I will fill in the time line and answer some of your questions for general information about the truck starting problem. I bought the truck new. About 2 months ago the truck would intermittantly not turn over when you turned the key on. If you hit the key a few times it would turn over and start. I removed the starter and had it checked at Autozone. It came back as defective. The starter (which was the original) was replaced and the engine cranked over when you tried to start the vehicle. At the time of the starter replacement my son also replaced the spark plugs, ignition wires, cap and rotor in the vehicle as it had a slight miss and the last time they were replaced was over 100,000 miles ago. About this time is when the truck would not start after driving it 35 miles, shutting it off and trying to restart until it had time to cool off (half hour or more). The coil was over 7 years old so my son replaced the coil. This did not solve the problem for restarting a hot engine. It was suggested to replace the ignition module so this was replaced without correcting the problem. I did not think it was the battery because my son tried jump starting the truck when it was hot and it would not start or turn over. When my son came home the other day and shut off the engine it would not start. I had another battery and used it to swap out the battery that was in the truck. The truck, which was still hot, started right up. I purchased a new battery and placed it in the truck on Friday. My son, who has been using the truck, came by today and said the truck has been starting fine. 

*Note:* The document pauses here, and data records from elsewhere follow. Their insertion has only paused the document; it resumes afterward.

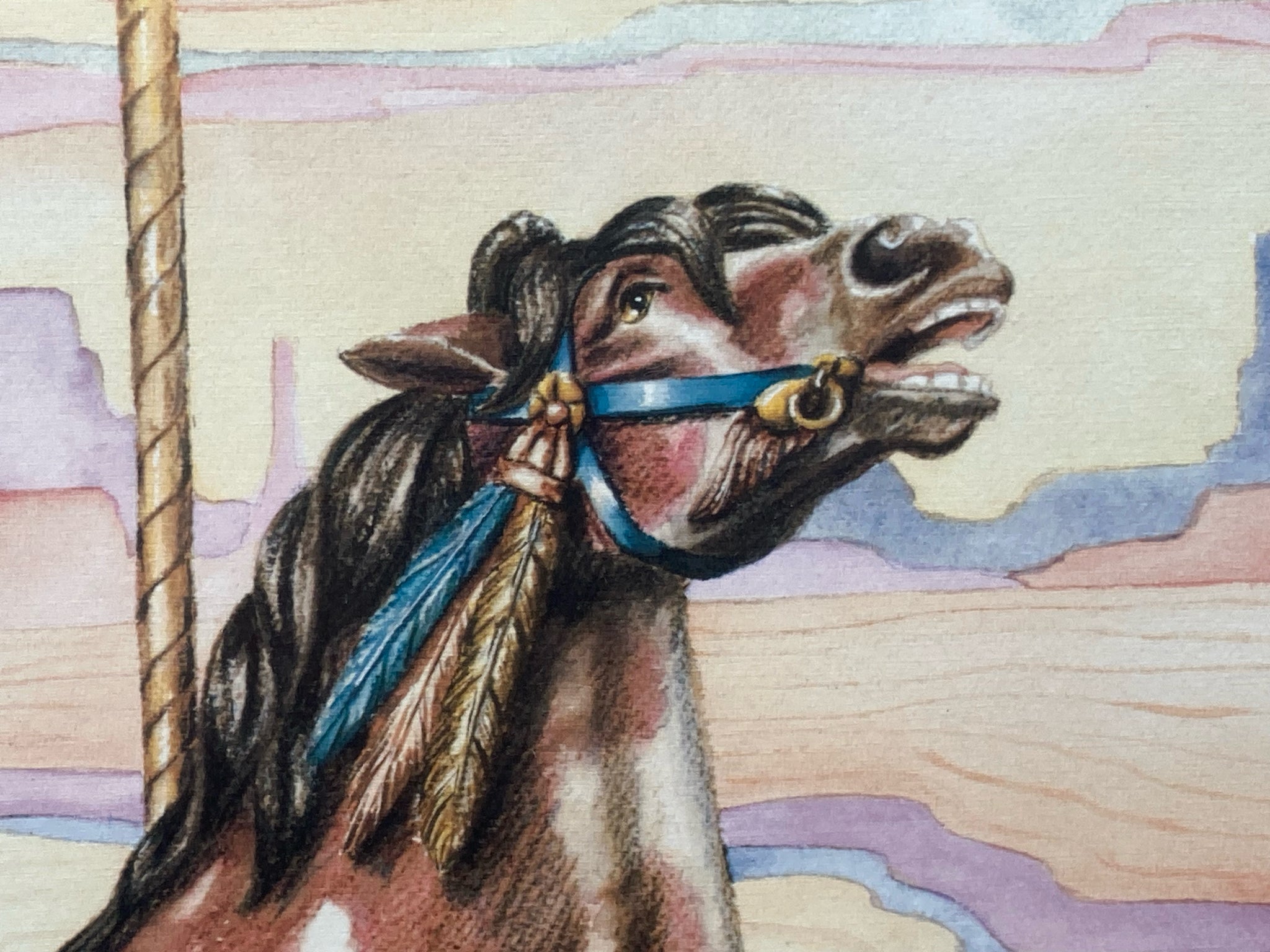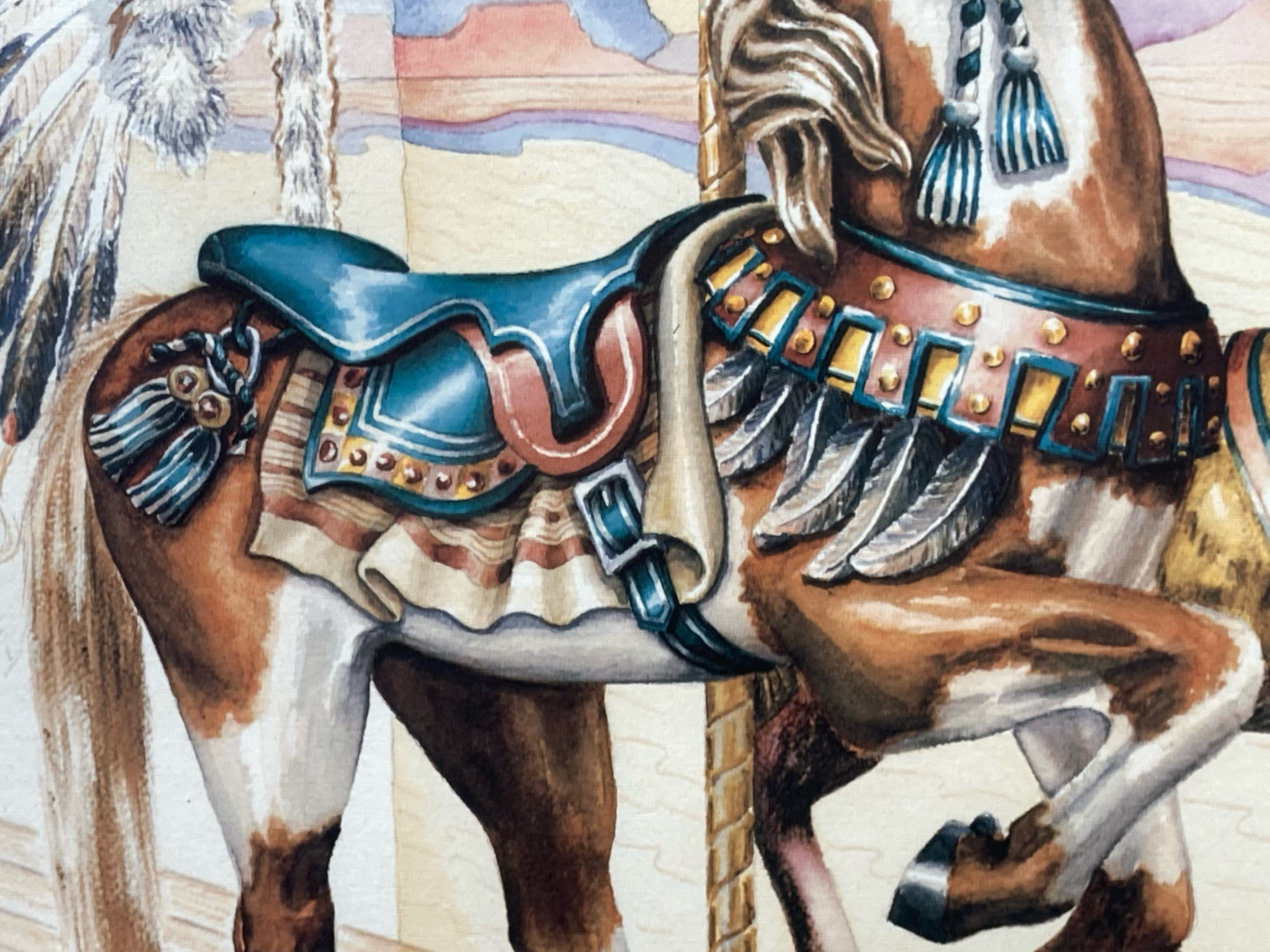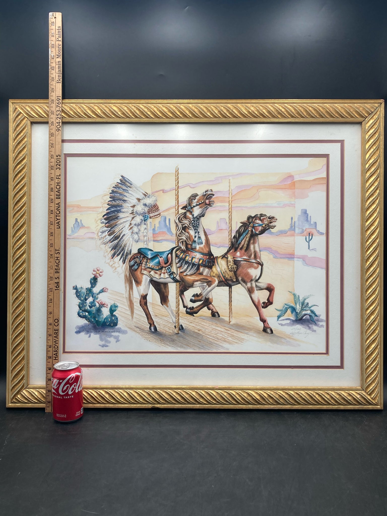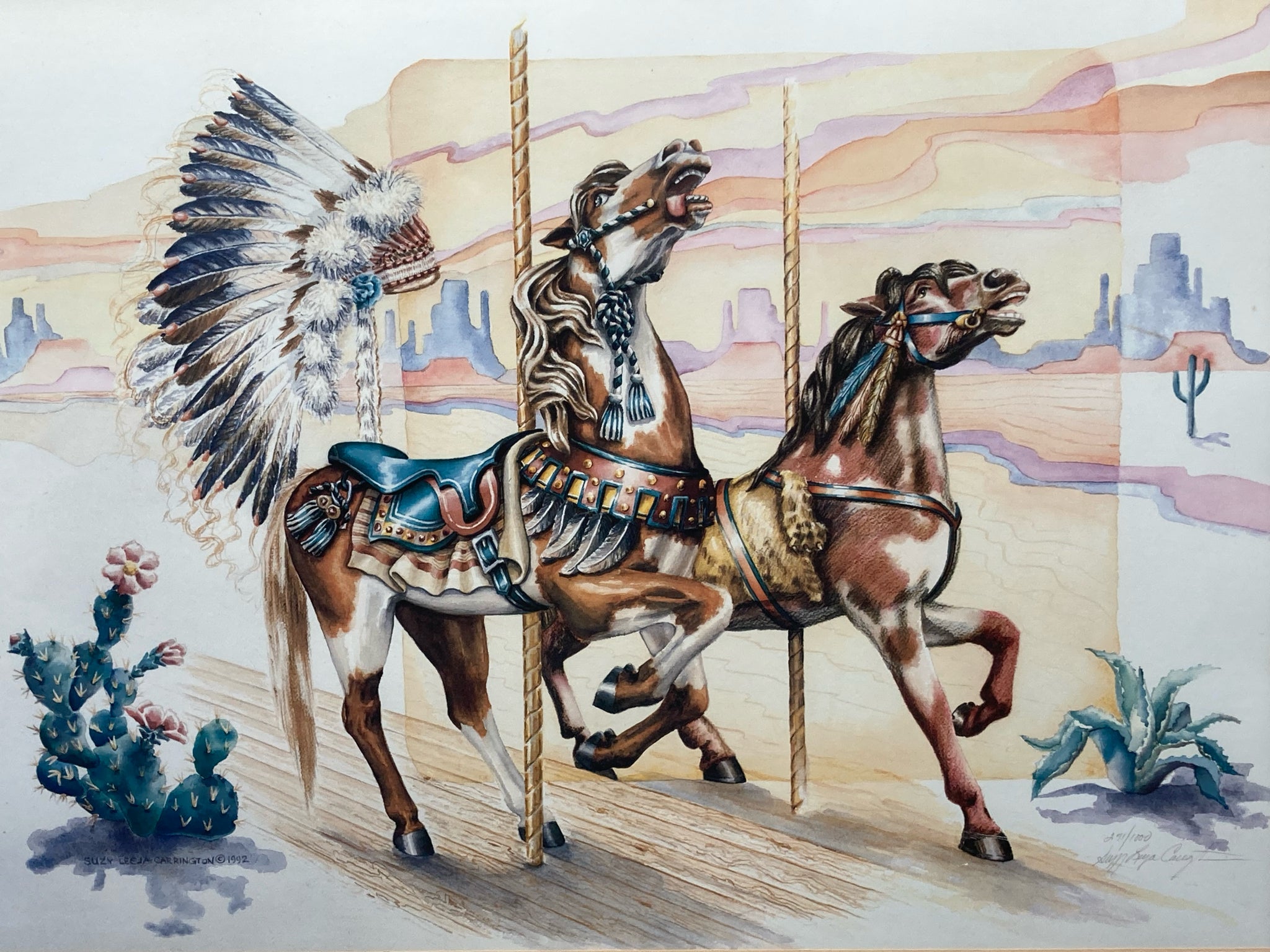 Suzy Leeja Carrington signed "Magic on the Mesa" limited edition print, framed and matted. Lithograph on archival linen paper. Southwestern themed carousel horse scene with native american symbolism using vibrant colors and expressive imagery. Signed and numbered by the artist in the lower left, number 271/1000. Print measures 18" tall by 24" wide, total size with frame is 28" by 34". Some spots are visible on matting, print itself is in excellent condition.
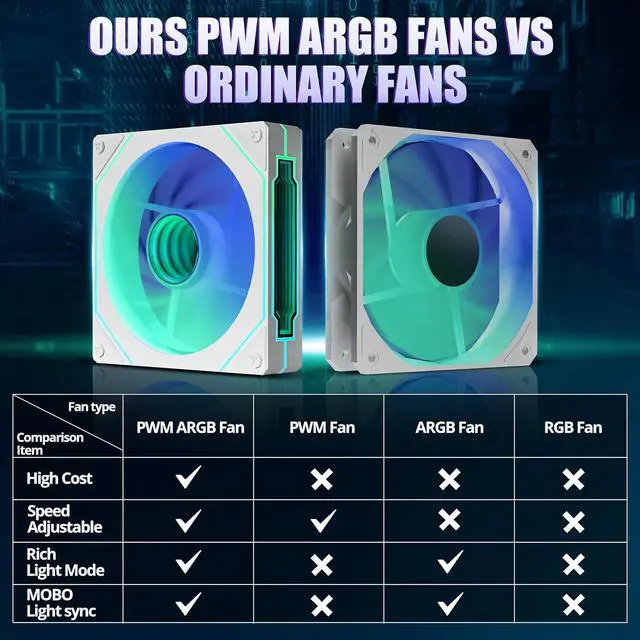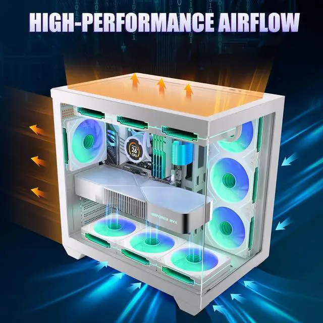 Want amazing cooling and cool lighting effects? LINEDEPOT's Gaming Pc Case With Fans has you covered with 7 pre-installed adjustable speed ARGB fans, which are a dream for lighting enthusiasts. You can manage everything via your motherboard software, customizing various colorful and captivating light modes. The fans feature anti-vortex blades for proper airflow inside the case. Additionally, the software allows you to fully control the fan speeds and keeps the side fans steadily drawing in air, resulting in better cooling than regular cases and prolonging the life of your hardware.
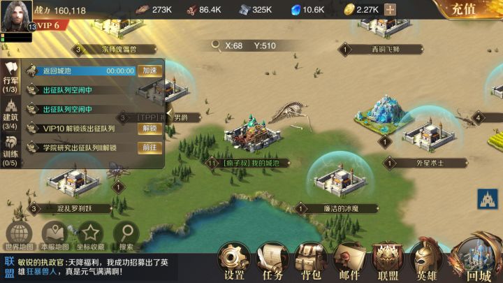 战端开启,万人同屏竞技所有联盟玩家同屏竞技。带领你的统帅铁骑,击败来自各个联盟的挑战者,开疆拓土,让全服的联盟都臣服在你脚下,让全世界的玩家都知道你的威名。
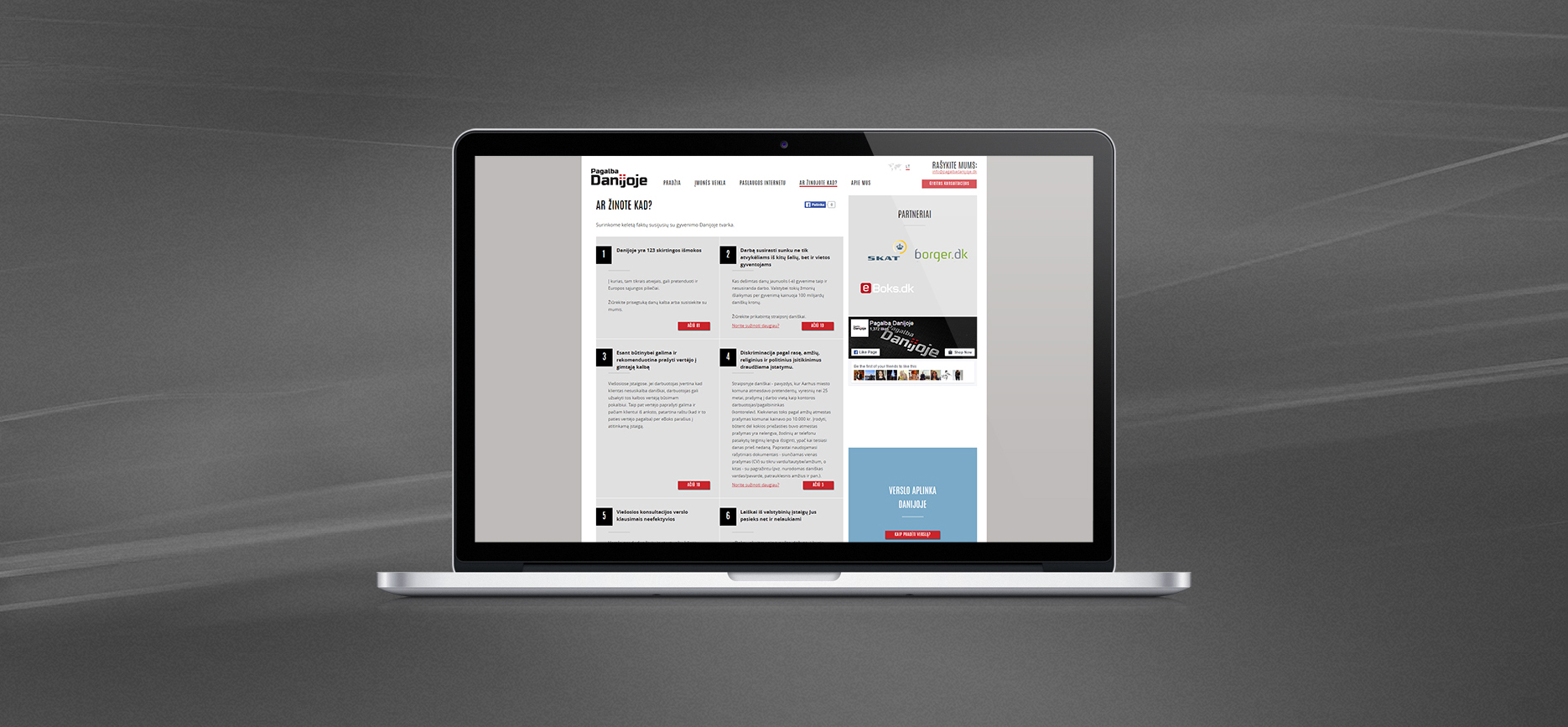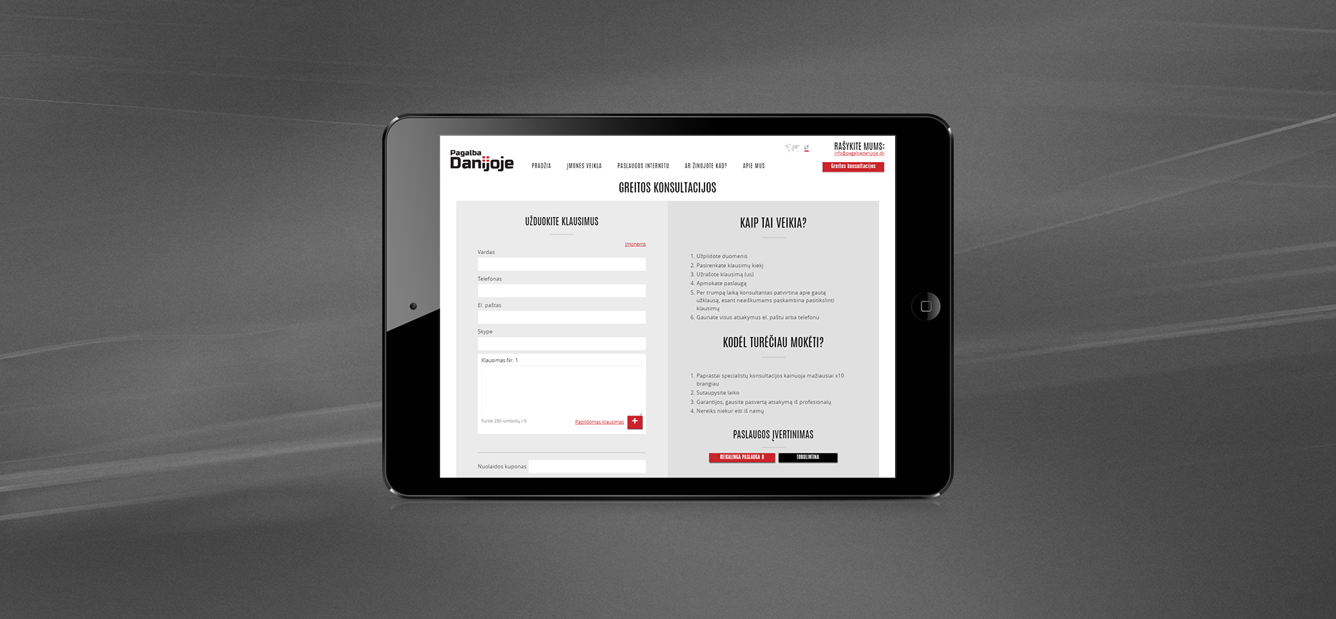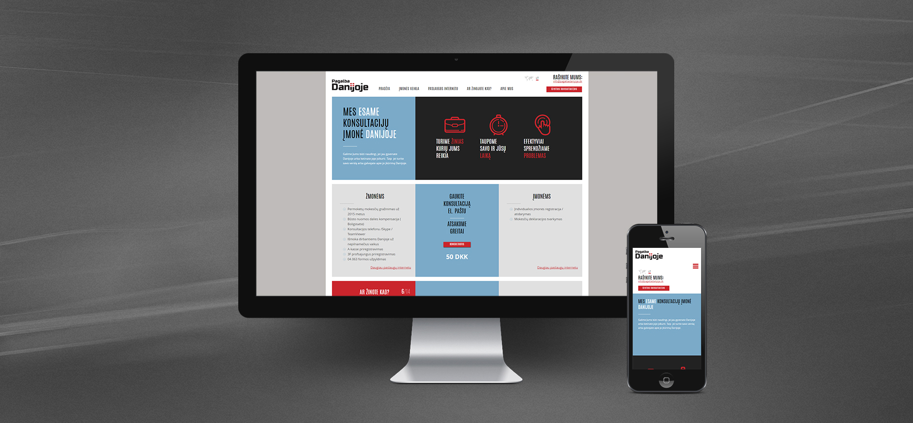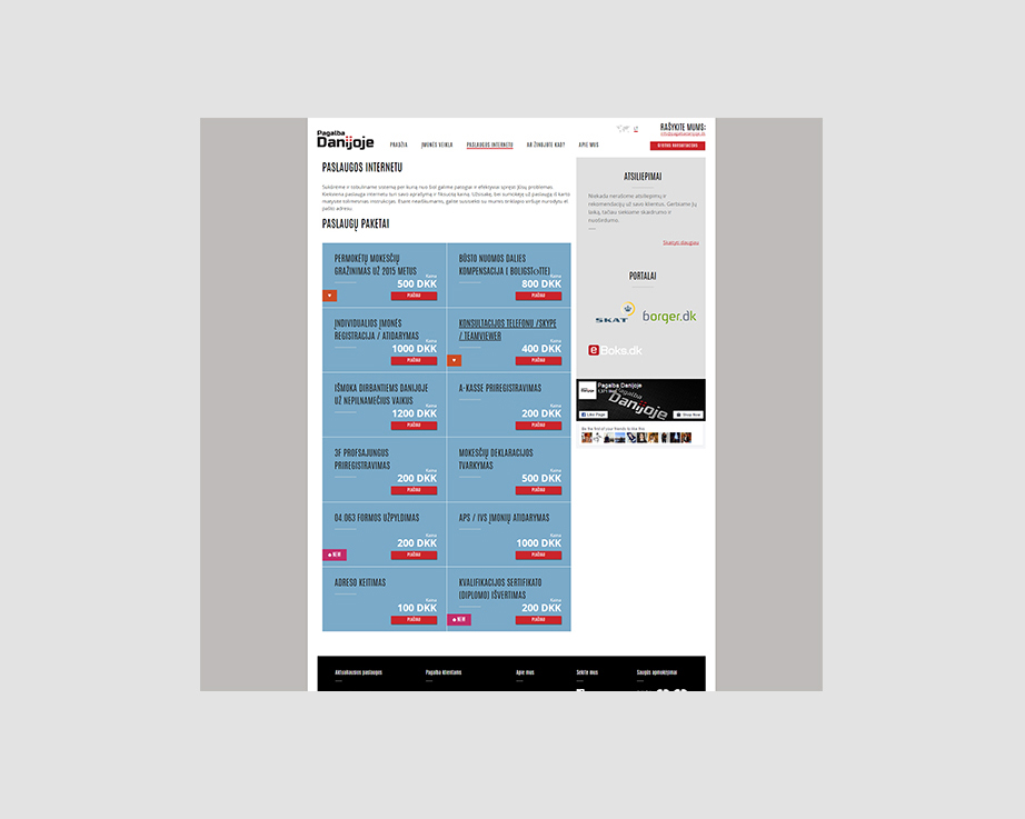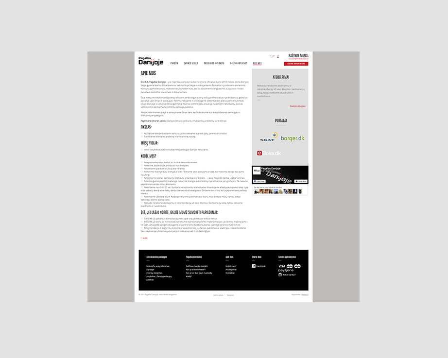 Klientui reikalingas interneto sprendimas, kuris ne tik reprezentuotų įmonės konsultacinę veiklą Danijoje, bet taip pat leistų gauti apmokėjimą už paslaugas prieš jas suteikiant, taupytų laiką tiek paslaugas teikiančiai įmonei, tiek jų klientams.

Thanks again for all your suggestions.


----------



## bikehealer1 (Oct 8, 2009)

One thing people do not realize is that batteries are a wear item just like any other in a vehicle. Yes, they can last a long time, but they do eventually "wear" out. I run into batteries at work all the time that will crank a bike cold, but take a few more revolutions to crank or the engine catches after you let off the starter. Hermitjohns ground suggestion was my first thought after reading the beginning post. I have also experienced factory cables going bad where the cable goes into the crimp, yet never show a bit of corrosion. Glad you got your problem solved.


----------



## Travis in Louisiana (May 14, 2002)

Retire2, thanks for the update. I always like to hear how a problem was solved.


----------



## pipedreamer (Jan 23, 2012)

I'm not sold on a new battery,in my opinon the problem might revisit you.the battery (if it is a bad starter) will loose its Cranking amps because of resistance thru the starter.if this problem comes back in a couple of months point the finger at the starter . If it doesn't well shame on my opinon.


----------



## agmantoo (May 23, 2003)

pipedreamer

I fully agree that the starter is the true problem! The battery has just over shadowed the problem.


----------



## retire2$ (Feb 12, 2003)

In my original post I stated that I had the starter checked and it was defective. I then replaced the starter but the problem of not starting continued. After I replaced the battery I have not had any problem starting the truck when it is hot. I will give an update in a few months if the problem returns. Thanks for all your comments and recommendations.


----------